I have set up my new lab server yesterday, which in essence is a rack mounted server with a core i7 2600 processor, 32GB RAM and 3 TB of (slow) disk. When I moved some of my VMs across from an identical system (except that it was a core i7 920) and tried to start the domU, it repeatedly crashed. The message from the console was a simple question: is xend running?
I couldn’t believe my eyes-using identical software now produced segmentation faults? How is that possible. I am using xen 4.2, kernel 3.1.9-1.4-xen and libvirt libvirt-0.9.6-3.3.1.x86_64
I started the troubleshooting with the xen logs.
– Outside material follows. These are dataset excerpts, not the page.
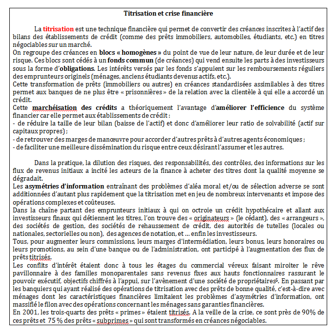 Ensuite, il pointe l’effet d’une généralisation de la titrisation. La titrisation est une opération qui permet aux organismes qui accordent des crédits de se débarrasser d’une partie de leurs prêts pour avoir de la liquidité (ou monnaie) afin d’investir ailleurs. Si la titrisation est positive voire nécessaire, elle peut aussi déresponsabiliser les acteurs. Trop de titrisation tue la titrisation ! En effet, lorsque l’on sait que l’on va se débarrasser du risque que l’on a contracté alors on est incité à avoir des comportements plus risqués, c’est-à-dire à être moins regardant sur la qualité des titres titrisés donc des prêts accordés.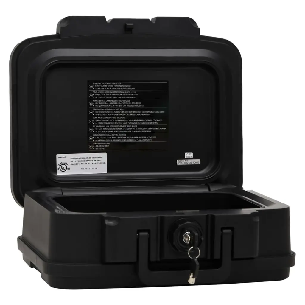 The fireproof and waterproof safe box is perfect for keeping your important documents and valuables safe including passports, certifications, cash, Jewelry and so on.Fireproof: The fireproof box is heat-proof to protect your most important documents and valuables from fire damage for up to 1/2 hour at 177°C (350°F).Waterproof: The waterproof box is SGS Verified to protect your valuable items from flood damage for up to 24 hours of submersion.Security protection: The safe box has a key lock mechanism for added security and to prevent the lid from opening in the event of a fire, flood, or unwanted viewers.Durable material: The safety deposit box is made of polypropylene. It is lightweight, tough, and able to withstand impact.Easy to transport: The key lock box comes with a convenient carrying handle for easy transportation and portability.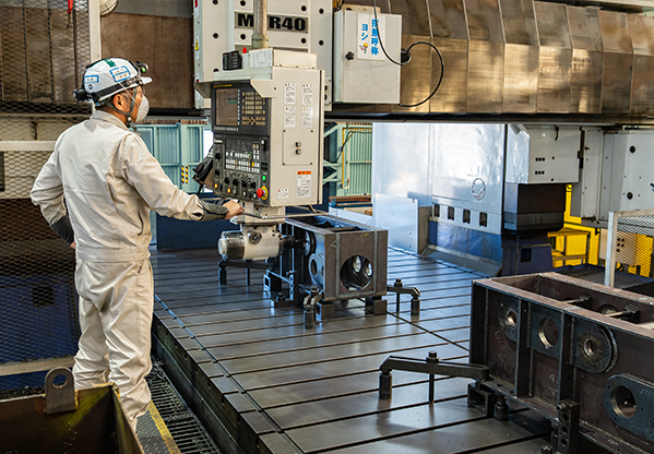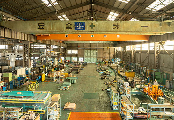 重量20トン・長さ10mの大型部品の製缶や機械加工が可能。長尺フレーム等の一体製作により高品質・組立工数削減を可能にします。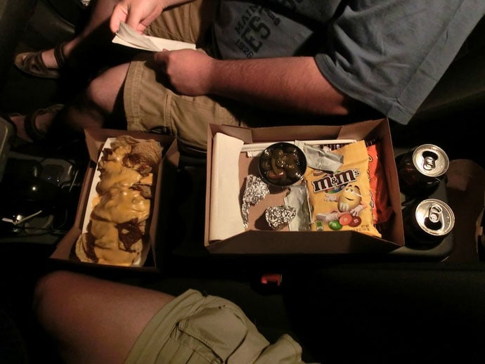 Vi havde sprunget aftensmaden over så vi nuppede en solod biograf menu bestående af hotdogs og nachos. Det brede armlæn i bilen blev fyldt op med mad og snacks og radioen blev indstilliet på 101,2 så vi kunne høre lyden.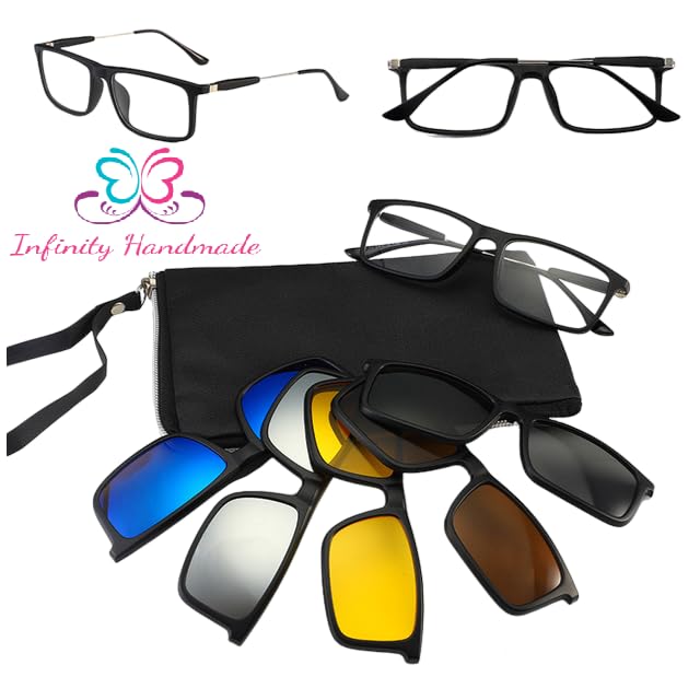 Generic - Glasses Frame 6 In 1 Men Women Polarized Optical Magnetic Sunglasses Clip on Magnet Prescription Model M from Seller INFINITYHANDMADE Only

There was no output in the debug log, however the xend.log showed these lines:
... [2012-02-21 22:36:43 1212] INFO (image:187) buildDomain os=linux dom=1 vcpus=2 [2012-02-21 22:36:43 1212] DEBUG (image:819) domid = 1 [2012-02-21 22:36:43 1212] DEBUG (image:820) memsize = 1024 [2012-02-21 22:36:43 1212] DEBUG (image:821) image = /m/xen/kernels/ol62/vmlinuz [2012-02-21 22:36:43 1212] DEBUG (image:822) store_evtchn = 1 [2012-02-21 22:36:43 1212] DEBUG (image:823) console_evtchn = 2 [2012-02-21 22:36:43 1212] DEBUG (image:824) cmdline = vnc [2012-02-21 22:36:43 1212] DEBUG (image:825) ramdisk = /m/xen/kernels/ol62/initrd.img [2012-02-21 22:36:43 1212] DEBUG (image:826) vcpus = 2 [2012-02-21 22:36:43 1212] DEBUG (image:827) features = [2012-02-21 22:36:43 1212] DEBUG (image:828) flags = 0 [2012-02-21 22:36:43 1212] DEBUG (image:829) superpages = 0 [2012-02-21 22:36:44 1210] CRITICAL (SrvDaemon:232) Xend died due to signal 11! Restarting it. [2012-02-21 22:36:44 3288] INFO (SrvDaemon:332) Xend Daemon started ...
The xm-list output showed an unknown domain.
The clue which finally lead me to Novell’s bugzilla database was in /var/log/messages:
kernel: [ 230.384375] xend: segfault at 2408d7f6ea8 ip 00007fd098a9d779 sp 00007fd08d7f6c48 error 4 in libxenguest.so.4.2.0[7fd098a82000+25000]
Now to save you from a long session with your favourite search engine, I would like to point this thread out to you:
In a nutshell, all processors with “xsave” in the processor flags output are affected by this bug. Follow the steps in comment number 31 to add the fixes. It worked just beautifully after that.
The machine I am using is a rented root server and costs me a measly EUR 59/mth. The nice aspect is that I just switched from my “old” core i7-920 to the new machine and don’t have old hardware lying around. And as it’s in a hosted data centre all I need is an Internet connection to access it from anywhere. IMO a great alternative to the big bulky laptop approach.